Das Wetter meinte es ja in diesem Jahr nicht so gut mit uns, obwohl wir unsere Teller, gefüllt vom reichhaltigen Bufett unseres Hotels, immer ordentlich leergegessen hatten. Zumindest der Morgen unserer letzten Ausfahrt machte ein wenig Hoffnung. Die Sonne schaffte es ein wenig die Temperaturen knapp über dem Nulpunkt vergessen zu machen. Pünktlich zu unserer Abfahrt um 9:30 Uhr schien sie aber ein Blick Richtung Berge zeigte dort dunkle graue Wolken um die total verschneiten Berggipfel. Auch die Hügel Richtung Arta zeigten sich ein Weiss.

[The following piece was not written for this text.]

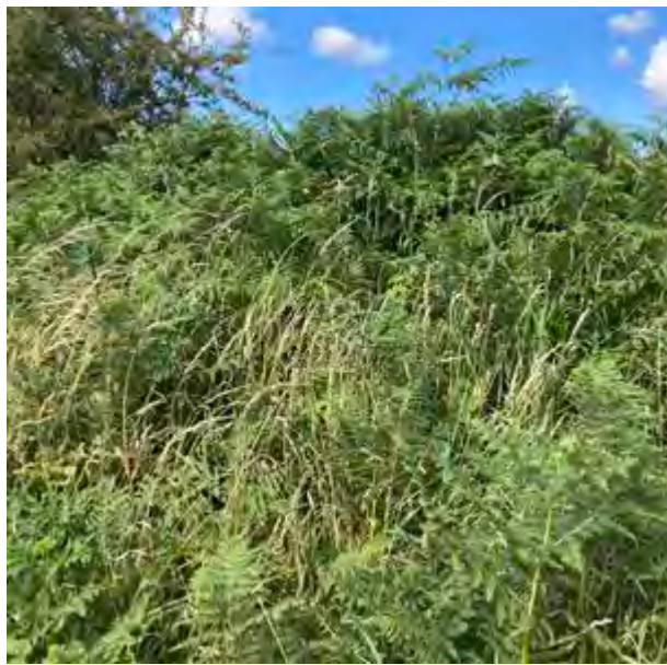
Photograph 12: Bracken – continuous

In diesem Jahr hatten wir das Glück, ein Begleitfahrzeug zu haben. Mona und Jenny Sophie wollten uns im Auto begleiten, Fotos schiessen und weiteren Support leisten. Da die grosse Inselrunde nicht gefahren werden konnte, wo keine Strasse mehr ist kommt man halt nicht weiter und es sehr kalt war, wollten wir uns von Punkt zu Punkt über den weiteren Streckenverlauf entscheiden. Als erstes sollte es zum Coll de Soller (501m) gehen. Es war relativ windstill und wir kamen bei mässigem Tempo gut voran. Je näher die Berge kamen, umso schlechter wurde das Wetter, es wurde kühler und leichter Regen setze ein. An der Tankstelle kurz vor der Passauffahrt trafen wir Mona und Jenny Sophie.

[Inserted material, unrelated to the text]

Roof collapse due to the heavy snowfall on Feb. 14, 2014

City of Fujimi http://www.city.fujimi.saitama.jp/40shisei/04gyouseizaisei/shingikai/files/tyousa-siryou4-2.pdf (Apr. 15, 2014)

Wir entschieden, den Pass Richtung Berge nicht zu über- sondern nur hochzufahren und anschliessend gleich zurück Richtung Randa. Die Auffahrt war anstrengend, machte aber Spass.

Oben war es sehr kühl und der weitere Weg in die Berge sah nicht so gut aus, dunkle Regenwolken hingen zwischen den Bergen. Wir machten uns an die Abfahrt und fuhren weiter Richtung Randa. Die Strasse war gut, der Wind kam eher von hinten, wir kamen gut voran. Aber auch dort das "Phänomen", je "höher" wir kamen, deste schlechter das Wetter und am Fuss des Randa Cura (543) nieselte es mal ganz kurz. Am Aufstieg herrschte Reger Radlerverkehr. Viele nutzten den Berg zum Training. Trotz schwerer Beine kamen wir gut voran, Lutz merkte seinen 23km Lauf vom Vortag doch mehr und musste Sören alleine fahren lassen. Auf dem anschliessenden Weg Richtung Hotel wurde das Wetter besser, die Sonne kam sogar mal raus, trotzdem waren alle wieder froh, nach gut 160 gefahrenen Kilometern endlich unter die heisse Dusche zu können.

Am Samstag erreicht eine weitere Delegation mit VERO-Skatern die Insel und wird weiter berichten.